Records from a dataset:
---------------
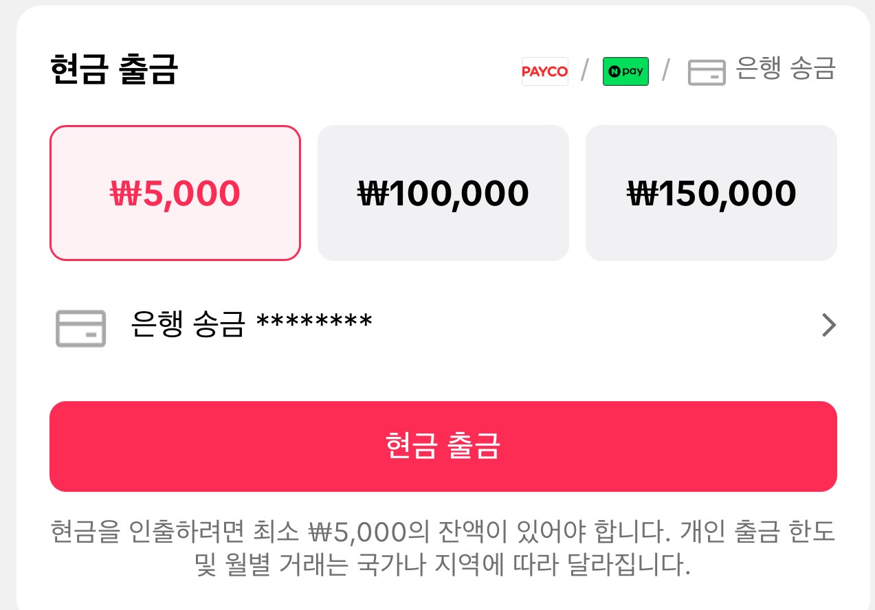 출금은 5천 원, 10만 원, 15만 원 이렇게 되고요!
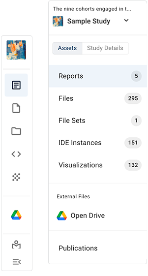 - Tracks the evolution of your data and methods, including your IDE uploads, saved visualizations, and other study assets.
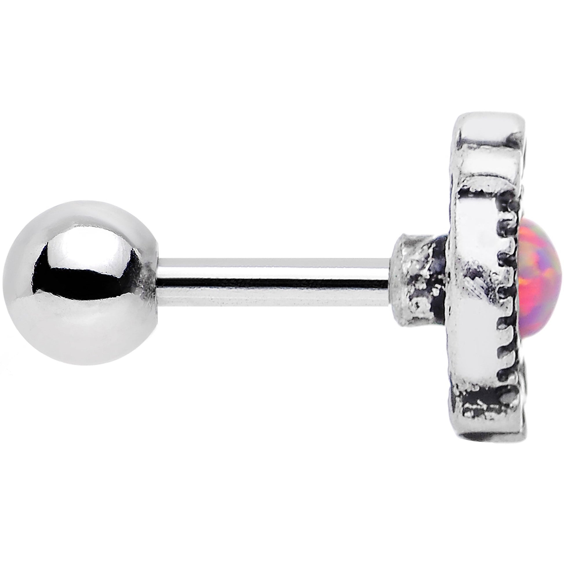 For a timeless, classic look all around, this tragus cartilage earring fits the bill without you having to sacrifice too many bills from your wallet. This cartilage earring features an antiqued elegant frame setting for its iridescent pink imitation opal accent. Your ear will thank you for the 316L surgical grade stainless steel 1/4" straight barbell that is a part of this tragus body jewelry, since it provides for a comfortable and safe fit in your cartilage piercing.
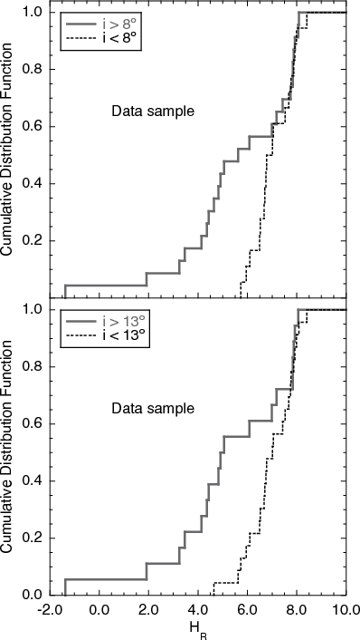 - there is an apparent concentration of small Plutinos with small inclination values and a concentration of large Plutinos at high inclinations;
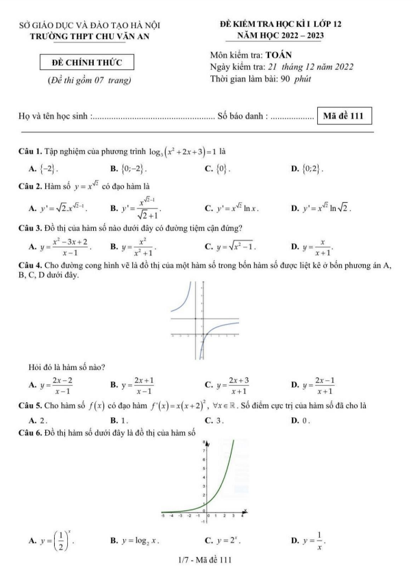 Chúng ta hãy cùng khám phá đề kiểm tra cuối học kì 1 môn Toán lớp 12 năm học 2022 – 2023 của trường THPT Chu Văn An. Đề thi được thiết kế với 50 câu hỏi và bài toán, tất cả đều là dạng trắc nghiệm. Thời gian làm bài là 90 phút, và kỳ thi sẽ diễn ra vào ngày 21 tháng 12 năm 2022.
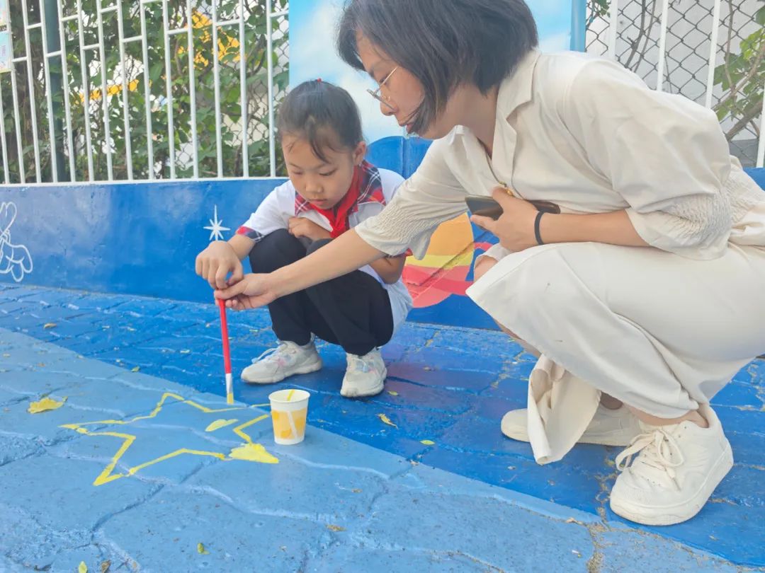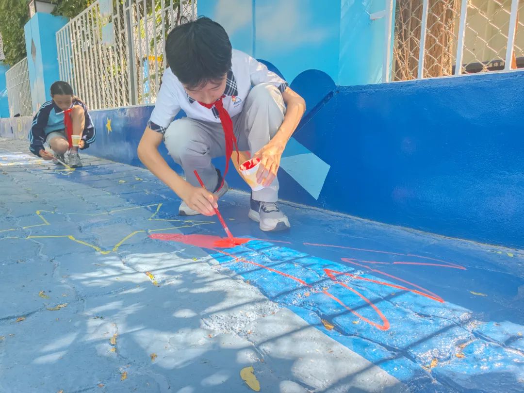 部分學生代表參與了學安路星際圖景的繪畫。他們用顏料點綴出星星的閃爍質感,畫出彎月的溫柔弧度,還在月亮周圍添上夢幻的光暈......同學們一邊繪畫,一邊互相交流著對宇宙的憧憬,分享著自己筆下每個細節的創意來源,仿佛將對太空的向往都傾注在了繪畫過程中。
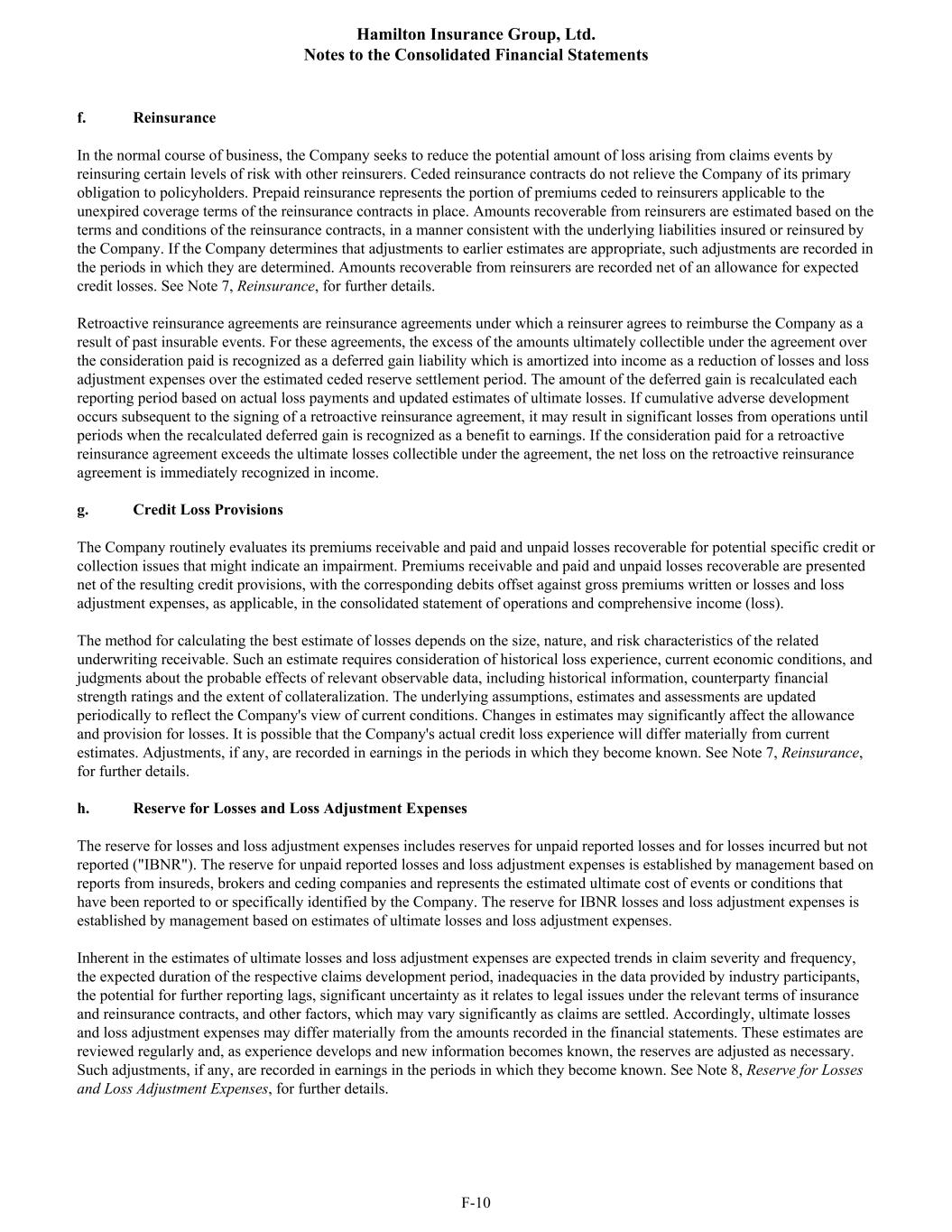 f. Reinsurance In the normal course of business, the Company seeks to reduce the potential amount of loss arising from claims events by reinsuring certain levels of risk with other reinsurers. Ceded reinsurance contracts do not relieve the Company of its primary obligation to policyholders. Prepaid reinsurance represents the portion of premiums ceded to reinsurers applicable to the unexpired coverage terms of the reinsurance contracts in place. Amounts recoverable from reinsurers are estimated based on the terms and conditions of the reinsurance contracts, in a manner consistent with the underlying liabilities insured or reinsured by the Company. If the Company determines that adjustments to earlier estimates are appropriate, such adjustments are recorded in the periods in which they are determined. Amounts recoverable from reinsurers are recorded net of an allowance for expected credit losses. See Note 7, Reinsurance, for further details. Retroactive reinsurance agreements are reinsurance agreements under which a reinsurer agrees to reimburse the Company as a result of past insurable events. For these agreements, the excess of the amounts ultimately collectible under the agreement over the consideration paid is recognized as a deferred gain liability which is amortized into income as a reduction of losses and loss adjustment expenses over the estimated ceded reserve settlement period. The amount of the deferred gain is recalculated each reporting period based on actual loss payments and updated estimates of ultimate losses. If cumulative adverse development occurs subsequent to the signing of a retroactive reinsurance agreement, it may result in significant losses from operations until periods when the recalculated deferred gain is recognized as a benefit to earnings. If the consideration paid for a retroactive reinsurance agreement exceeds the ultimate losses collectible under the agreement, the net loss on the retroactive reinsurance agreement is immediately recognized in income. g. Credit Loss Provisions The Company routinely evaluates its premiums receivable and paid and unpaid losses recoverable for potential specific credit or collection issues that might indicate an impairment. Premiums receivable and paid and unpaid losses recoverable are presented net of the resulting credit provisions, with the corresponding debits offset against gross premiums written or losses and loss adjustment expenses, as applicable, in the consolidated statement of operations and comprehensive income (loss). The method for calculating the best estimate of losses depends on the size, nature, and risk characteristics of the related underwriting receivable. Such an estimate requires consideration of historical loss experience, current economic conditions, and judgments about the probable effects of relevant observable data, including historical information, counterparty financial strength ratings and the extent of collateralization. The underlying assumptions, estimates and assessments are updated periodically to reflect the Company's view of current conditions. Changes in estimates may significantly affect the allowance and provision for losses. It is possible that the Company's actual credit loss experience will differ materially from current estimates. Adjustments, if any, are recorded in earnings in the periods in which they become known. See Note 7, Reinsurance, for further details. h. Reserve for Losses and Loss Adjustment Expenses The reserve for losses and loss adjustment expenses includes reserves for unpaid reported losses and for losses incurred but not reported ("IBNR"). The reserve for unpaid reported losses and loss adjustment expenses is established by management based on reports from insureds, brokers and ceding companies and represents the estimated ultimate cost of events or conditions that have been reported to or specifically identified by the Company. The reserve for IBNR losses and loss adjustment expenses is established by management based on estimates of ultimate losses and loss adjustment expenses. Inherent in the estimates of ultimate losses and loss adjustment expenses are expected trends in claim severity and frequency, the expected duration of the respective claims development period, inadequacies in the data provided by industry participants, the potential for further reporting lags, significant uncertainty as it relates to legal issues under the relevant terms of insurance and reinsurance contracts, and other factors, which may vary significantly as claims are settled. Accordingly, ultimate losses and loss adjustment expenses may differ materially from the amounts recorded in the financial statements. These estimates are reviewed regularly and, as experience develops and new information becomes known, the reserves are adjusted as necessary. Such adjustments, if any, are recorded in earnings in the periods in which they become known. See Note 8, Reserve for Losses and Loss Adjustment Expenses, for further details. Hamilton Insurance Group, Ltd. Notes to the Consolidated Financial Statements F-10
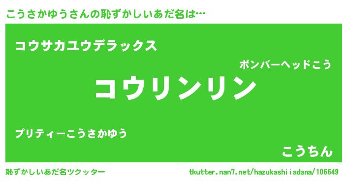 | ヘコむあだ名 | 『こうお』『こうさかゆう(小並感)』 |
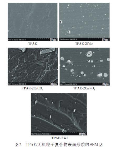 對比之下,含有CaSiO3、CaCO3、WI無機(jī)粒子的TPAE復(fù)合材料展示出典型的兩相形態(tài),這些粒子在TPAE基體中的均勻分散揭示了TPAE與這3種無機(jī)粒子之間在熱力學(xué)上的不相容性。值得注意的是,相比較于TPAE-2CaCO3和TPAE-2WI,TPAE-2CaSiO3復(fù)合材料的斷面形貌中的CaSiO3粒子表現(xiàn)出明顯的團(tuán)聚現(xiàn)象,這可歸因于CaSiO3獨(dú)特的多孔蜂窩狀結(jié)構(gòu),使得在含量增加時,粒子間相互碰撞并傾向于結(jié)合,容易形成更大的聚集體,使得CaSiO3粒子尺寸顯著大于其他兩種無機(jī)粒子。
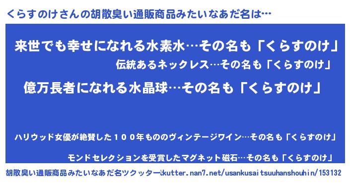 | ヘコむあだ名 | 『くらにゅー』『くらすのけ(震え声)』 |
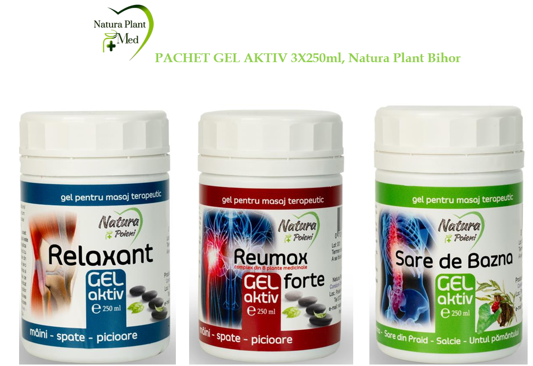 NATURA PLANT PACHET GEL AKTIV: RELAXANT, REUMAX, SARE DE BAZNA, 3X250ml, Natura Plant
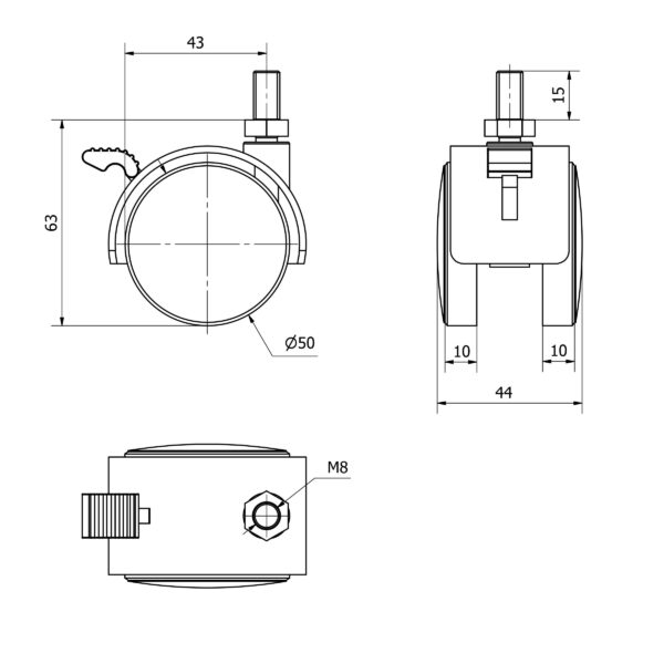 Rueda polipropileno-plastico giratoria con freno Alex diametro 50 mm. modelo TW0117
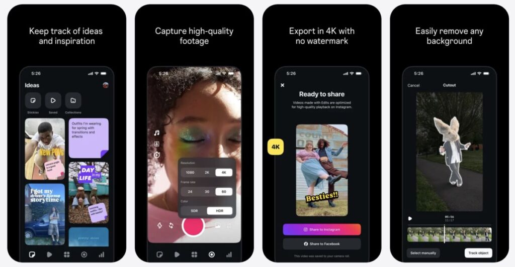 Caratteristiche principali di Edits: strumenti versatili e integrazione con Instagram
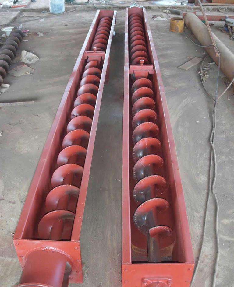 U型螺旋输送机俗称蛟龙,广泛用于建材,人造板、煤炭、电力、石油、化工、纺织、矿山、冶金、化肥、粮油、环保等生产行业。螺旋输送机(U型螺旋输送机)特点是结构简单,横截面积小,密封性能好,操作安全方便,制造成本低,但螺旋输送机使物料易破碎,能耗较大。螺旋输送机按配置形式有水平.倾斜.垂直.等组含形式,并可与其他输送设备或工作装置配合使用,完成集运.分送.搅拌.混合.脱水.定量配料.卸载.堆垛等作业从输送物料位移方向的角度划分,螺旋输送机分为水平式螺旋输送机和垂直式螺旋输送机两大类型,主要用于对各种粉状、颗粒状和小块状等松散物料的水平输送和垂直提升,该螺旋输送机不适宜输送易变质、粘性大、易结块或高温、怕压、有较大腐蚀性的特殊物料。
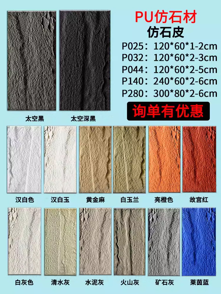 - Больше размеров больших плит [полиуретановый камень] При размещении заказа обратите внимание на цвет. См. список индивидуальных размеров.
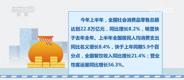 今年上半年,全國社會消費品零售總額達到22.8萬億元,同比增長8.2%,明顯快于去年全年。上半年全國居民人均消費支出同比名義增長8.4%,快于上年同期5.9個百分點,全國餐飲收入同比增長21.4%;營業(yè)性客運量同比增長56.3%。
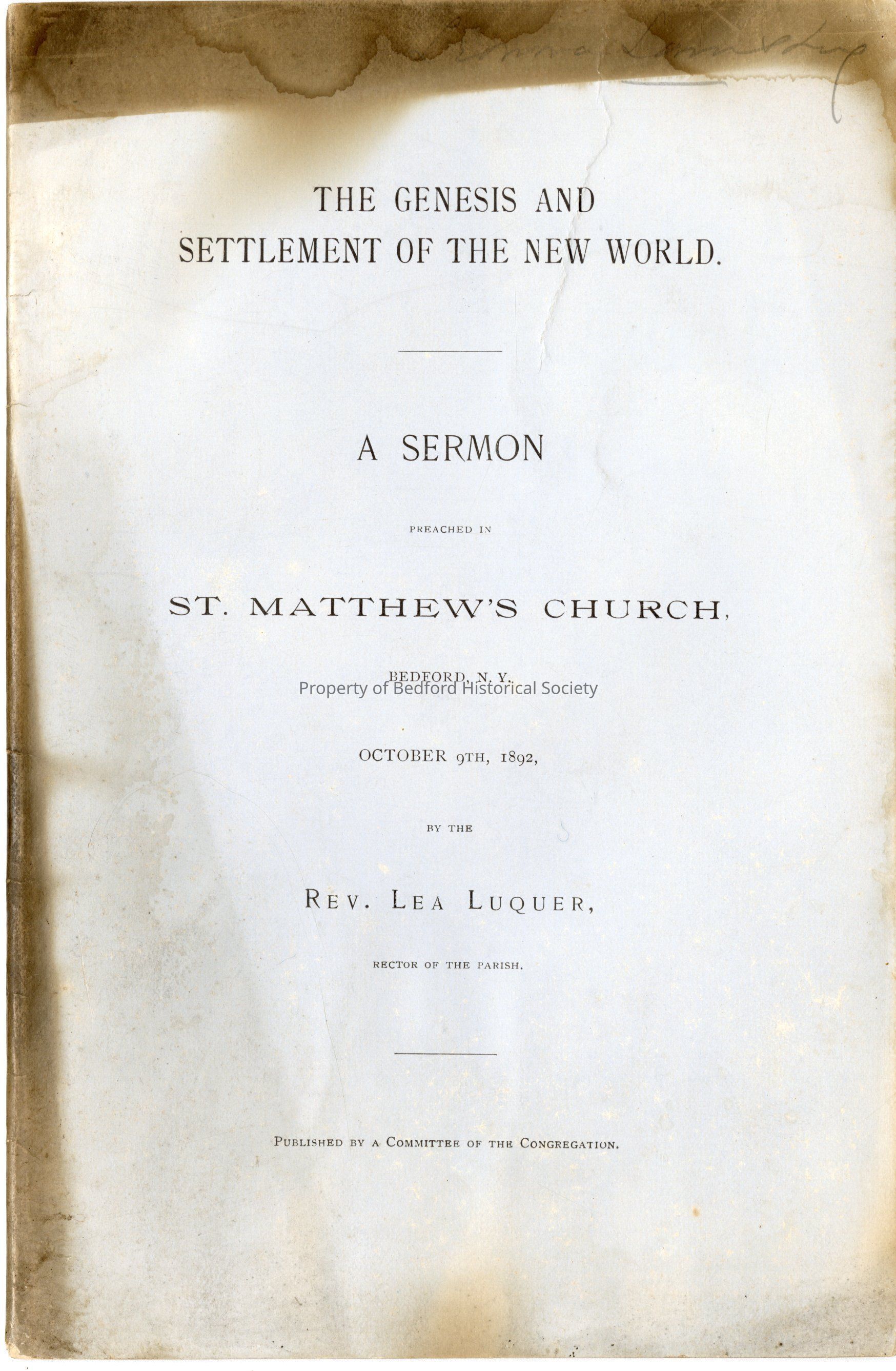 The Genesis and Settlement of the New World. A Sermon preached in St. Mathew's Church, Bedford, N.Y. October 9th, 1892 by the Rev. Lea Luquer Rector of the Parish, Pulplished by a Committee of the Congration
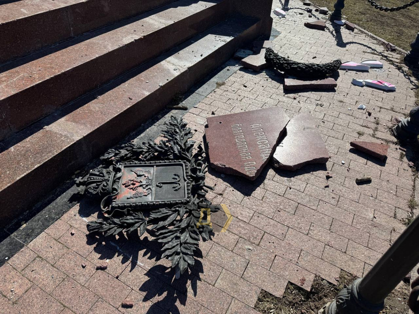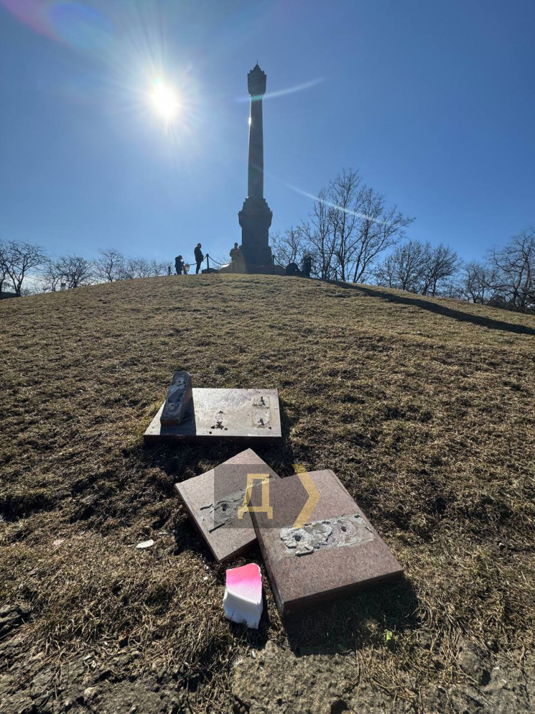 Александровская колонна в парке Шевченко пострадала от рук неизвестных вандалов — с монумента отбили памятную табличку и императорский герб.
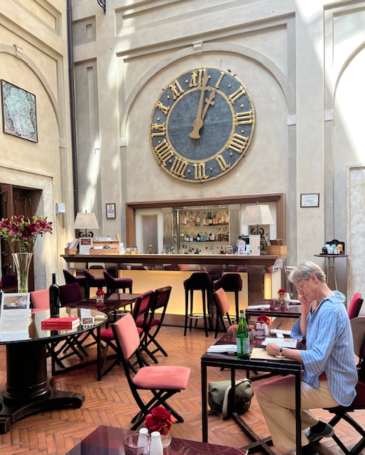 For lunch we retraced our steps to the via Banchi di Sopra to find the entrance to our apartment of last year, and to inspect the Grand Hotel Continental almost next door in which David’s Wine Scholar Guild’s tuscan tour will stay next April. It enjoys a great position so close to the Campo, and has a magnificent interior, which we were able to enjoy as we lunched in its bar!
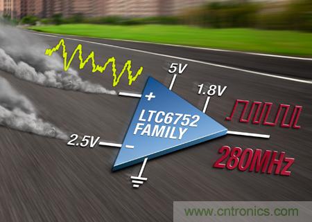 【導(dǎo)讀】近日,凌力爾特公司推出 LTC6752 系列比較器,該系列器件由于具備1.2ns 快速上升和下降時間以及 280MHz 的切換頻率,因此成為目前可用的最快 CMOS 輸出比較器。LTC6752 系列包括 5 種可選器件,這些器件采用不同封裝,提供獨特的功能組合。
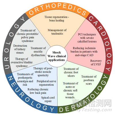 沖擊波技術(shù)在醫(yī)療行業(yè)多個(gè)科室均有所應(yīng)用,如圖所示,主要包括泌尿外科、骨科、心內(nèi)科、皮膚科等。
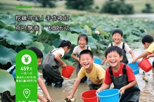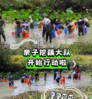 荷塘挖藕挑战(每个孩子提供1套背带式下水服,1双手套,1个小水桶,1个塑料袋,每个孩子仅限1名大人陪同下水,提供1名大人的下水服及手套。采集的荷叶、莲蓬、藕均可带走)。
---------------
Retype the lines exactly. Begin at the one that holds "- Больше размеров", stop at the last line of the entries above, and drop the pictures.

- [Response for this exercise]
 - Больше размеров больших плит [полиуретановый камень] При размещении заказа обратите внимание на цвет. См. список индивидуальных размеров.
 今年上半年,全國社會消費品零售總額達到22.8萬億元,同比增長8.2%,明顯快于去年全年。上半年全國居民人均消費支出同比名義增長8.4%,快于上年同期5.9個百分點,全國餐飲收入同比增長21.4%;營業(yè)性客運量同比增長56.3%。
 The Genesis and Settlement of the New World. A Sermon preached in St. Mathew's Church, Bedford, N.Y. October 9th, 1892 by the Rev. Lea Luquer Rector of the Parish, Pulplished by a Committee of the Congration
 Александровская колонна в парке Шевченко пострадала от рук неизвестных вандалов — с монумента отбили памятную табличку и императорский герб.
 For lunch we retraced our steps to the via Banchi di Sopra to find the entrance to our apartment of last year, and to inspect the Grand Hotel Continental almost next door in which David’s Wine Scholar Guild’s tuscan tour will stay next April. It enjoys a great position so close to the Campo, and has a magnificent interior, which we were able to enjoy as we lunched in its bar!
 【導(dǎo)讀】近日,凌力爾特公司推出 LTC6752 系列比較器,該系列器件由于具備1.2ns 快速上升和下降時間以及 280MHz 的切換頻率,因此成為目前可用的最快 CMOS 輸出比較器。LTC6752 系列包括 5 種可選器件,這些器件采用不同封裝,提供獨特的功能組合。
 沖擊波技術(shù)在醫(yī)療行業(yè)多個(gè)科室均有所應(yīng)用,如圖所示,主要包括泌尿外科、骨科、心內(nèi)科、皮膚科等。
 荷塘挖藕挑战(每个孩子提供1套背带式下水服,1双手套,1个小水桶,1个塑料袋,每个孩子仅限1名大人陪同下水,提供1名大人的下水服及手套。采集的荷叶、莲蓬、藕均可带走)。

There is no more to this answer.